Trump's campaign promise of moving the US Embassy to Jerusalem has also drawn a tepid response from Netanyahu. After avoiding public comment on the subject for months, Netanyahu said recently that the embassy ought to be in Jerusalem, but he did not urge Trump to promptly follow through on his pledge.

Israeli security officials have warned that violent Palestinian unrest could be triggered by an embassy move, and Arab leaders have also expressed concern, prompting Trump to delay action on the issue.

Netanyahu's worry about increased violence on his watch is compounded by his vulnerability in public opinion following a deepening Israeli police probe into his suspected receipt of illicit gifts from wealthy benefactors.
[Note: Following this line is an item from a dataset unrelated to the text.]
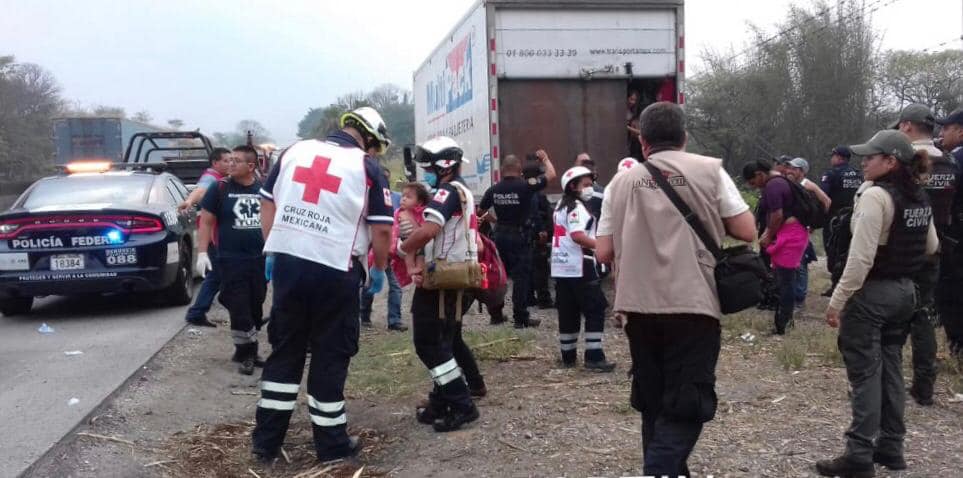 Los migrantes fueron resguardados por la Policía Estatal y atendidos médicamente, por diversas instituciones de auxilio; asimismo, se reporta que 60 personas presentaron deshidratación.

Reviving a Bush commitment

Analysts said Netanyahu could try to reach a middle-of-the-road understanding with Trump that would sanction building inside large Israeli settlement blocs in the West Bank while halting construction outside them.

"If there will be an understanding in principle that building can go on in areas that are more or less accepted as a future part of Israel, but no wild settlement spree that could foreclose any possibility for a solution – for Netanyahu that would be a pretty good result," says Yehuda Ben Meir, a research fellow at the Institute for National Security Studies in Tel Aviv.

Dennis Ross, a former US peace mediator, says one formula could be the resurrection of a 2004 commitment given by former president George W. Bush to the late Israeli prime minister Ariel Sharon that any future border would take into account the large Israeli settlements in the West Bank.

An agreement on building only inside those blocs would "help the prime minister with the pressure that he is under from Jewish Home and from some of the right-wing ministers in his own party," Ross says.